Vide
Nous étions peut-être quatre ou cinq mois après la rupture. J'étais squeletique, morne, robotique... Comme une coquille vide. Le vide. Il était profond, intense, sans fin et dévorant. Mon coeur avait cessé d'être douloureux. A la place, je ressentais comme un trou noir dont les veinules irradiaient dans tout mon corps. Et je ne sais pas trop d'où ça vient, je crois que ça m'a sauvé alors que ça aurait pu me couter la vie, j'ai commencé à essayer de combler ce vide. Il faut bien comprendre que je ne ressentais plus rien, plus d'émotions, je ne ressentais plus d'intérêt pour les choses, les autres, les activités, plus de joie, pas de colère, pas de peur, et même plus vraiment de tristesse qui était devenue mon quotidien. En tout cas, je n'étais plus capable de les identifier... Je me suis rendue compte en conduisant ma voiture sur des trajets quotidiens que je ressentais l'adrénaline. Pas vraiment la peur, mais plutôt l'excitation de la prise de danger, une espèce de jouissance à fleurter avec la mort. J'ai donc recherché l'adrénaline partout où je pouvais la trouver. Je roulais extrêmement vite en voiture, bien au-dessus des limitations autorisées. Je m'étais inscrite sur un site de rencontre et avait rencontré un garçon avec qui j'entretiens une relation uniquement physique pendant les trois années suivantes. Si nous avons créé une sorte d'amitié par la suite, lorsque je l'ai rencontré,il n'y avait que la recherche de sensation qui comptait finalement, la chaleur d'un corps, l'illusion d'un pseudo compagnon mais aucune envie d'engagement. Je m'étais aussi inscrite dans un club, récupérant de jeunes chevaux dressés pour les courses mais pas assez rapides pour se classer. La vitesse, la fougue de ces chevaux parfois seulement partiellement dressés à la monte en club me permettaient de lâcher. Je n'avais aucune peur de me blesser, plus le cheval était fougueux, plus je me sentais vivre. Et je me souviens, avec effroi maintenant, que je regardais le haut des immeubles, m'imaginant sauter de là-haut "Qu'est-ce que je ressentirai ? ça doit être tellement génial cette décharge d'adrénaline... Et si je meurs ? Barf, qui s'en préoccuperait."

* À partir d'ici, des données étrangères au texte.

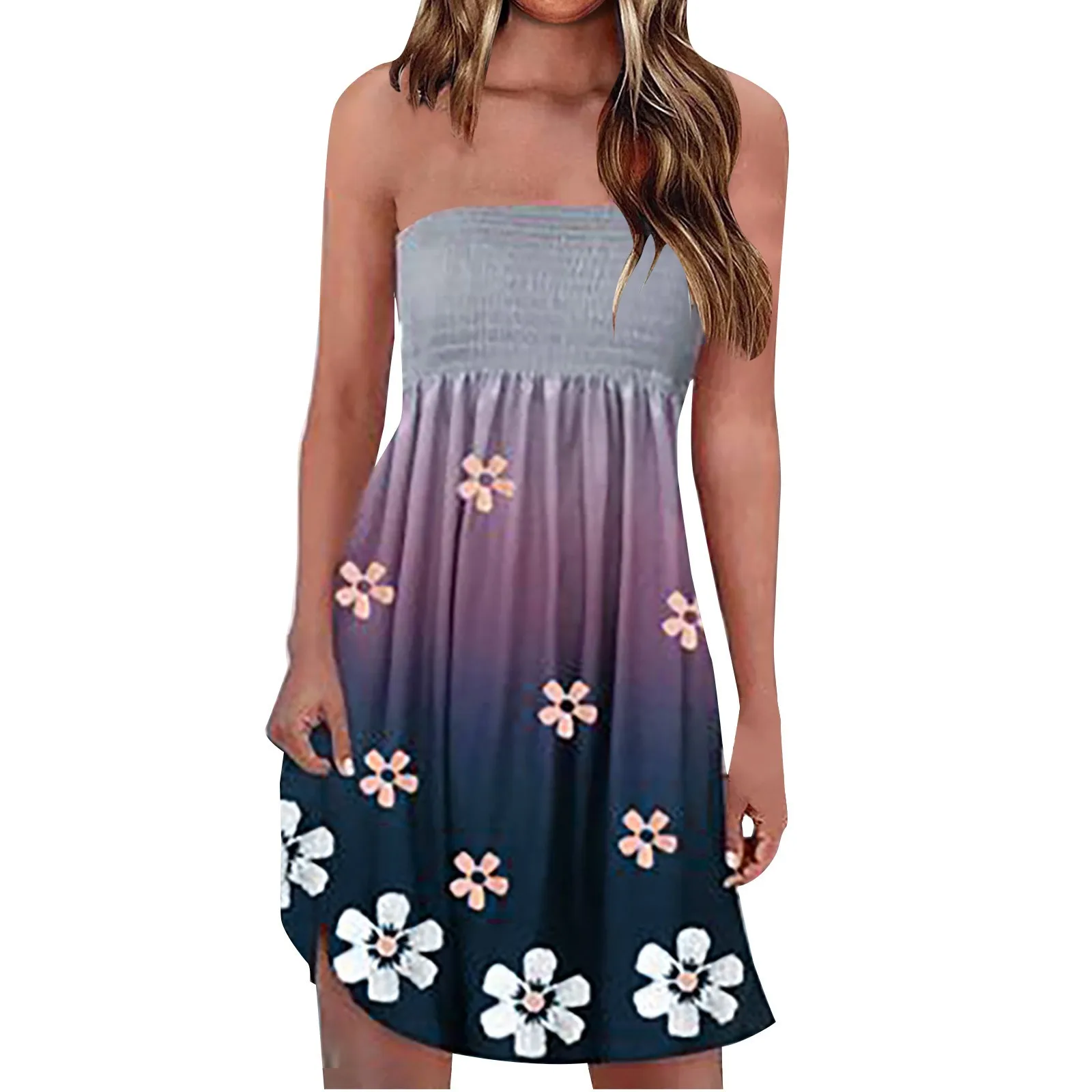 Women Sleeveless Summer Dresses For Women 2022 Wrap Chest Printed Beach Dress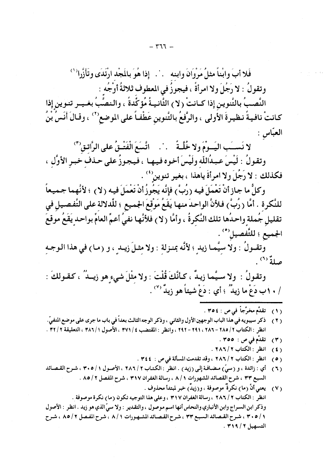 وكل ما جاز أن تعمل فيه (رب) فإنه يجوز أن تعمل فيه (لا)؛ لأنهما جميعا للنكرة. أما (رب) فلأن الواحد منها يقع موقع الجميع؛ للدلالة على التفصيل في تقليل جملة واحدة النكرة، وأما (لا) فلأنها نفي أعم العام بواحد يقع موقع الجميع؛ للتفصيل.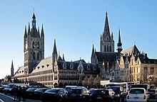 The Cloth Hall (Dutch: Lakenhal/Lakenhalle) is a large cloth hall, a medieval commercial building, in Ypres, Belgium. It was one of the largest commercial buildings of the Middle Ages, when it served as the main market and warehouse for the Flemish city's prosperous cloth industry. The original structure, erected mainly in the 13th century and completed 1304, lay in ruins after artillery fire devastated Ypres in World War I. Between 1933 and 1967, the hall was meticulously reconstructed to its prewar condition, under the guidance of architects J. Coomans and P. A. Pauwels. At 125 metres (410 ft) in breadth, with a 70 metres (230 ft)-high belfry tower, the Cloth Hall recalls the importance and wealth of the medieval trade city. The building now houses the In Flanders Fields Museum.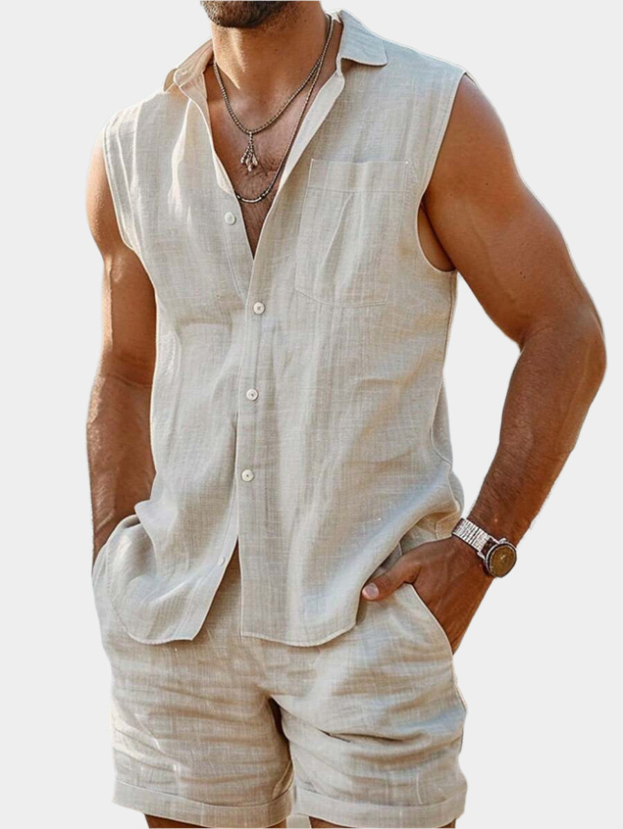 Ensemble deux pièces décontracté en lin – Tenue d'été coordonnée pour hommeEnsemble deux pièces décontracté en lin – Tenue d'été coordonnée pour homme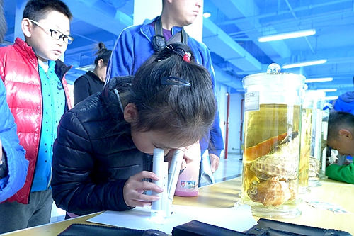 由海洋所組織的“藍(lán)色海洋嘉年華”板塊主要包括海洋生物標(biāo)本展示區(qū)、微觀世界探秘區(qū)、海洋科學(xué)實(shí)驗(yàn)區(qū),吸引了大量學(xué)生及家長(zhǎng)前來(lái)參觀體驗(yàn)。其中,最吸引同學(xué)們的是可以親自動(dòng)手參與的海洋科學(xué)小實(shí)驗(yàn)。博士實(shí)踐團(tuán)的志愿者們隨時(shí)為同學(xué)們提供指導(dǎo),讓同學(xué)們?cè)诎踩?guī)范的操作下,親手參與制作藻類(lèi)標(biāo)本、大象牙膏、海底火山、海水撈鹽、筆帽潛水艇等科學(xué)小實(shí)驗(yàn),還可通過(guò)顯微鏡觀察線蟲(chóng)、放射蟲(chóng)等玻片標(biāo)本,探索神秘的海洋世界。大家十分高興的是可以將親手制作的藻類(lèi)標(biāo)本塑封帶走,留作紀(jì)念?!拔覀儗?zhuān)門(mén)奔著你們的科學(xué)小實(shí)驗(yàn)來(lái)的,孩子特別喜歡這些能自己動(dòng)手操作的小實(shí)驗(yàn),既能鍛煉孩子的動(dòng)手能力,又能讓孩子學(xué)到科學(xué)知識(shí)”。一位學(xué)生家長(zhǎng)這樣說(shuō)。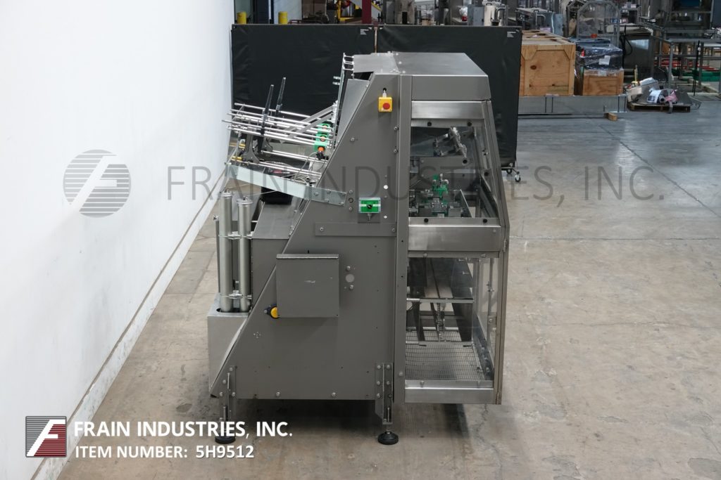返回所有设备自动,不锈钢,双头,托盘成型。额定从20到60冲程每分钟每个头与托盘的数量-取决于材料和应用。托盘尺寸范围:5“至16¾”长度;宽度4“至10”;深度为7/8“至4”,适当更换部件。配有双16”长空白托盘杂志,吸盘往复式位置,双闸板小襟翼和大襟翼折叠犁,莱克松带帽密封区域与提升检修门,96”长拖链托盘转移输送机设置在17”中心通过机器。控制面板有启动、停止和e-stop按钮控制。安装在重型不锈钢底座上,带有脚轮和高度可调节的腿。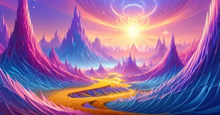 生成アート、レイトレーシング画像、風景、3Dレンダリング、カラーフィールド、アンビエントオクルージョンレンダリング、幾何学的抽象芸術、抽象絵画、コンピュータグラフィックス、抽象芸術、フラクタルの作成を支援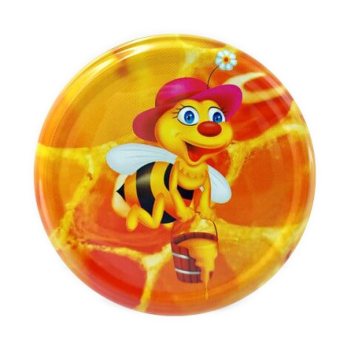 Зовнішній вигляд Ваших скляних банок прикрасять металеві кришки. Кришка виготовлена з легкого металу, що гарантує її щільність та надійність для безпечного зберігання Вашого меду. А оригінальний тематичний малюнок у вигляді веселої бджілки з відерцем меду відразу приверне увагу покупця.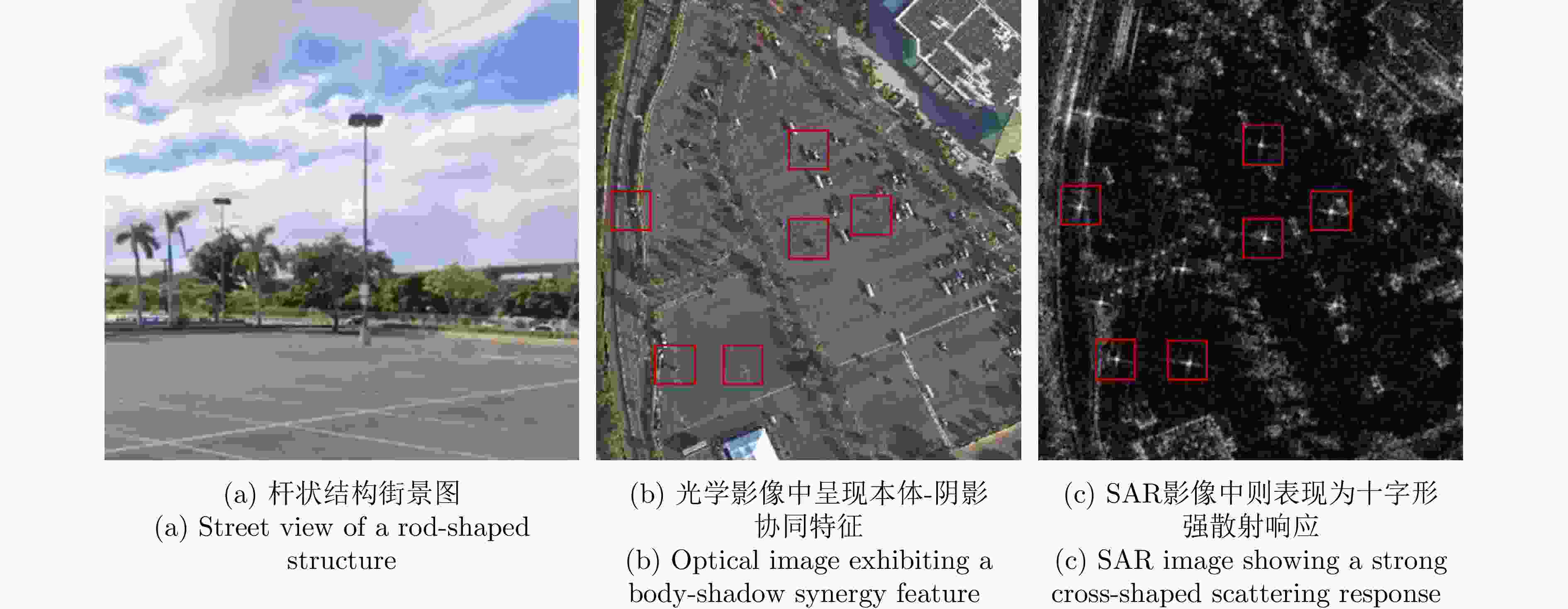 摘要: 控制点作为遥感影像定位精度提升的核心基准,其空间分布特征与几何质量直接影响正射校正的可靠性,是保障多源影像融合、变化检测及定量反演精度的关键基础。针对传统角反射器布设成本高、实施难度大,难以满足全球应用需求的问题,以及现有异源控制点(如光学影像和激光测高数据)因与合成孔径雷达(SAR)影像存在显著模态差异,难以兼顾精度与鲁棒性的问题,该研究提出一种基于众源数据的高分辨率SAR影像控制点自动提取方法,并构建了基于控制片的高精度正射校正技术框架。本方法充分利用城市环境中广泛分布的杆状人造地物特性:在光学影像中,这类地物呈现本体-阴影协同结构特征,在SAR影像中则表现为十字形强散射响应。首先利用开源机场跑道数据校正谷歌光学影像,建立平面基准框架;进而通过光学-SAR影像匹配点与立体SAR影像匹配点的协同平差解算,实现不同升降轨立体SAR影像的初始定位优化;最终结合道路和停车场矢量数据提取感兴趣区域,采用信杂比检测算法识别强散射点,并通过点目标分析与立体定位技术获取控制点的三维空间坐标。基于控制点坐标对立体SAR影像的残余平面误差进行修正后,可生成不同升降轨SAR影像的控制片数据。通过采用多个区域的高分三号升降轨SAR影像开展控制点提取验证,结果表明:基于聚束模式立体SAR影像提取的控制点三维定位精度达亚米级,基于提取的控制点和控制片实现了测试影像的正射校正,通过角反射器和机载激光点云真值验证,结果发现测试影像定位精度提升显著,其中聚束模式定位误差为1.78像素,超精细条带模式为1.09像素,精细条带模式为0.82像素,较传统光学参考影像匹配校正方法精度提升了47.2%, 49.3%和37.4%。本研究创新性地引入众源信息辅助SAR控制点提取和升降轨SAR控制片构建,突破光学参考底图匹配校正的精度瓶颈,为高分辨率SAR影像精确定位与联合处理提供了可推广的新路径。Abstract: Ground control points (GCPs) are essential for improving the positioning accuracy of remote sensing imagery. Their spatial distribution and geometric quality directly affect the reliability of orthorectification. GCPs serve as a critical foundation for ensuring the accuracy of multi-source image fusion, change detection, and quantitative inversion. However, traditional corner reflector deployment presents high costs and implementation difficulties, struggling to meet global application demands. Additionally, existing heterogeneous control points (such as optical imagery and laser altimetry data) exhibit significant modal differences relative to synthetic aperture radar (SAR) imagery, which affects their ability to balance accuracy and robustness. To address these challenges, this study proposes an automatic control point extraction method for high-resolution SAR imagery based on multi-source data. Furthermore, a high-precision orthorectification framework is established using control chips. The method leverages the characteristics of widely distributed pole-like artificial features in urban environments: these features exhibit a body–shadow collaborative structure in optical imagery and a cross-shaped strong scattering response in SAR imagery. First, open-source airport runway data are used to correct Google optical imagery, establishing a planar reference framework. Next, initial positioning optimization for stereo SAR images from ascending and descending orbits is achieved by jointly adjusting optical-SAR and stereo SAR image matching points. Finally, road and parking lot vector data are utilized to extract regions of interest, where strong scattering points are identified using a signal-to-clutter ratio detection algorithm. Three-dimensional spatial coordinates of control points are obtained via point target analysis and stereo positioning techniques. After correcting residual planar errors in stereo SAR images using control point coordinates, control chip data for ascending and descending orbit SAR images are generated. Validation experiments using GaoFen-3 SAR images from multiple regions show that the 3D positioning accuracy of control points extracted from spotlight mode stereo SAR imagery reaches the submeter level. Orthorectification of test images using extracted control points and control chips significantly improves positioning accuracy, as verified by corner reflectors and airborne LiDAR point cloud-based ground truth. Positioning errors are 1.78 pixels (spotlight mode), 1.09 pixels (ultrafine stripmap mode), and 0.82 pixels (fine stripmap mode), corresponding to improvements of 47.2%, 49.3%, and 37.4%, respectively, compared to traditional optical reference image matching correction methods. This study introduces crowdsourced information to assist SAR control point extraction and ascending/descending orbit SAR control chip construction, overcoming the accuracy limitations of optical reference image matching correction. The proposed method provides a scalable approach for high-precision positioning and joint processing of high-resolution SAR imagery.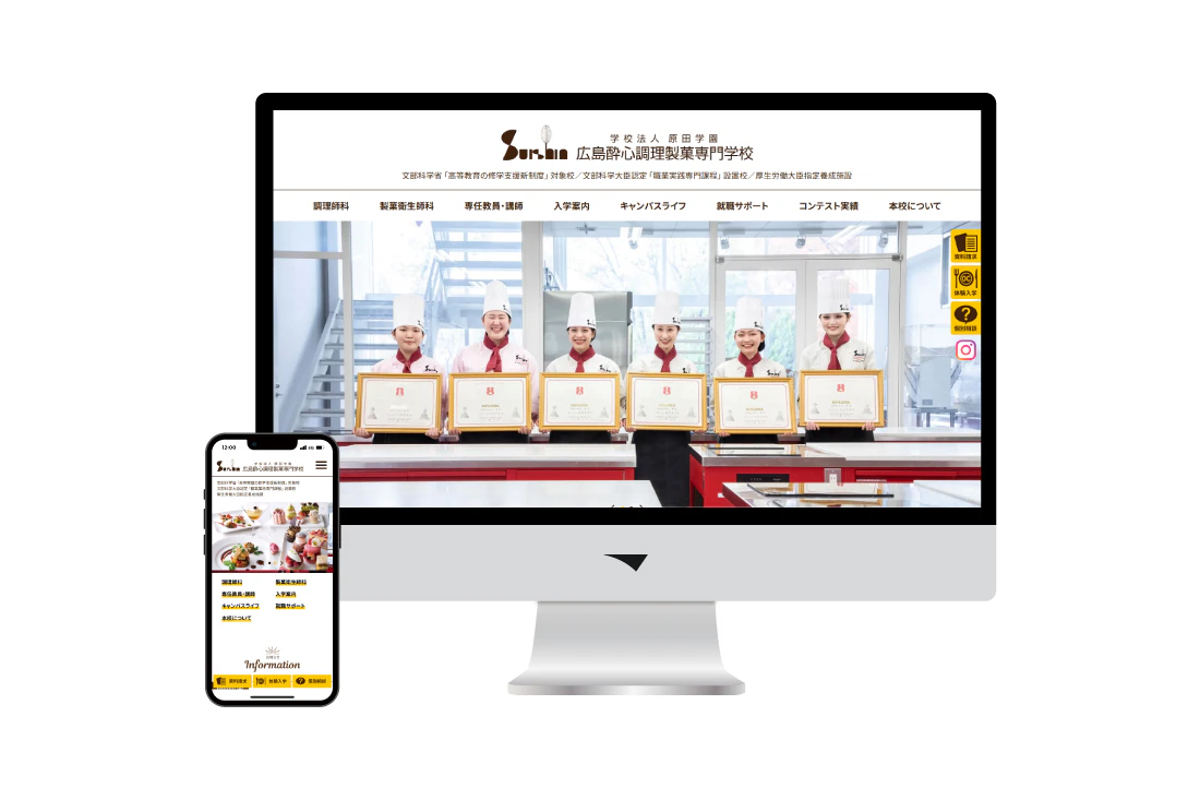 デザイン面では、学校のブランドカラーとパンフレットのトーンを踏襲しつつ、余白を生かした構成で清潔感と信頼感を演出。写真やタイポグラフィにはあたたかみを感じさせる工夫を加え、食を学ぶ楽しさや専門性が直感的に伝わるよう意識しました。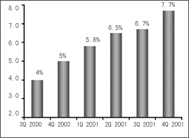 在美國的泡沫經(jīng)濟(jì)破滅、市場極度低迷的時(shí)候,歐洲又傳來第三代無線通信技術(shù)——WCDMA因產(chǎn)品、市場等諸多原因全面推遲的消息,這對本來就處于蕭條狀態(tài)的全球通信業(yè)來說,無疑雪上加霜。業(yè)內(nèi)人士在不斷地尋找和探討,究竟什么樣的需求才是目前市場的驅(qū)動力?究竟什么樣的技術(shù)才能真正體現(xiàn)市場價(jià)值呢?

Toutes ces petites choses ne sont probablement rien pour beaucoup d'être humain. Mon métier m'a depuis appris que la souffrance peut faire faire bien des choses. Seulement, pour moi qui ait toujours été sage, raisonnable, froussarde, c'était la descente aux enfers, un monde sans limite, tout risque et dont, pour la première fois de ma vie, les conséquences n'avaient aucune importance.